Patient advocacy groups sceptical of Delhi Govt’s policy to curb private hospitals' profiteering; legal hurdles await move
Healthcare activists and patient advocacy groups in the Capital have given a cautious welcome to the Delhi government’s long-awaited move to regulate the functioning of private hospitals and restrict their profit margins though many remain sceptical of its effective implementation citing legal hurdles.
According to a draft advisory issued by the state government on May 29, the profits on medicines and consumables at private hospitals and nursing homes in the National Capital Territory is proposed to be capped. Such products could maximum cost 50 per cent more than the purchase price or equal to the MRP, whichever is lower. Though State Health Minister Satyendar Jain has hinted at amendments to the Delhi Nursing Homes Registration Act of 1953 to incorporate these clauses, the legal issues involved in such statutory changes leave many in doubt.
The Delhi government had formed a nine-member panel, which included members from the Indian Medical Association and the Delhi Medical Council, in December 2017 to look into profiteering by private hospitals and the draft guidelines are prepared on the basis of its recommendations. The authorities have put the draft advisory in the public domain to invite objections and suggestions within 30 days. A final set of norms will be crafted on the basis of these inputs.
“It is a step in the right direction. But we have to wait and see how much of these guidelines are applicable. They can expect a slew of lawsuits from hospital promoters. The Delhi Nursing Homes Act is toothless. They have to make numerous amendments to implement these guidelines. It is going to be an uphill task,” Birender Sangwan, the activist lawyer who filed the public interest litigation in the Delhi High Court that led to price capping of key medical devices, told Pharmabiz.
The Delhi government has been promising to implement Clinical Establishment Act (CEA) which will apply to registration and regulation of all clinical establishments. Recently, in a letter to the chief ministers of all states and Union Territories, the Union Health Minister JP Nadda had said that effective implementation of the CEA would deter clinical establishments from indulging in unethical practices. “It would have helped the government act tough on scores of diagnostic centres and pathology labs in the city. The Act has taken effect in Arunachal Pradesh, Himachal Pradesh, Mizoram, Sikkim and all Union Territories except the NCT of Delhi,” Sangwan opined.
While accepting that the Delhi Nursing Homes Act is ineffective, some healthcare activists point out that the CEA is equally ineffectual as it also lacks provisions to check hospital rates. “Even if the state government adopts the CEA, they would need to amend it to introduce these kinds of measures, which won’t be cleared by the Lt Governor. So the state government will issue an advisory but none will need to comply with it,” Malini Aisola of All India Drug Action Network (Aidan) pointed out.
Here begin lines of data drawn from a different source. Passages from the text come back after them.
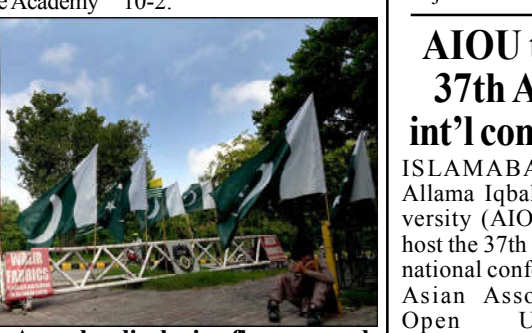
ISLAMABAD: A vendor displaying flags on roadside at Jinnah Super to mark the 78th Independence Day celebrations.

Shaheed Road after the heavy monsoon rain in the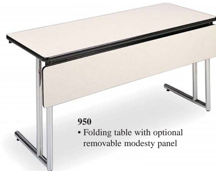
950 • Folding table with optional removable modesty panel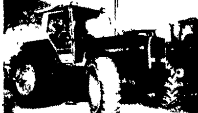
MF 3680 4x4, 160 HP $34,000

Aidan, a consortium of NGOs in the health sector, has cheered the Delhi government’s “progressive” step stating that it signals a “paradigmatic shift in governmental thinking”.
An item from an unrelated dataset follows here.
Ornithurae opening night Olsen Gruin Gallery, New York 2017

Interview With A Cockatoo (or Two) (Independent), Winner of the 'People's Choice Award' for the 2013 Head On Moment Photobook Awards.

“We welcome the proposed measures to lower the costs of treatment and bring more transparency and accountability to private healthcare services in the NCT. But we are afraid that the measures need further careful consideration and legal vetting to ensure they do not get stuck in courts. This kind of reform requires a statutory mandate, which could come through substantial modifications to the Delhi Nursing Homes Registration Act 1953, the Act under which these measures are sought to be brought into force. Failing that, an entirely new Act would be required in order to accommodate the measures proposed. In the absence of such legal cover, we are afraid the Delhi government's good intentions will be of little or no avail,” Aidan said in a statement.
“But because of the evident difficulty that the Delhi government has in passing legislation due to the Centre's drive to frustrate any initiative of the state government, it appears to have had no choice other than to go through a route which is unlikely to succeed. It is unfortunate that a state government that is interested in acting to the benefit of patients is forced to intervene in an ineffective manner, even while the Centre refuses to take any meaningful steps towards regulating private hospitals or lowering the prices of medicines and consumables,” Aidan added.
The draft advisory also proposes a 50 per cent waiver on the total bill if a patient dies within six hours of being admitted to a hospital’s emergency or casualty wards. And if a patient dies within 24 hours of admission, 20 per cent of the bill should be reduced. Hospitals won’t be allowed to refuse releasing a deceased patient’s body if the bill has not been paid the protect ‘dignity of the dead’. The guidelines also moot increased transparency in the way hospitals offer packages. If a patient requires additional procedures after being admitted for one surgery, the second surgery should have a 50 per cent discount.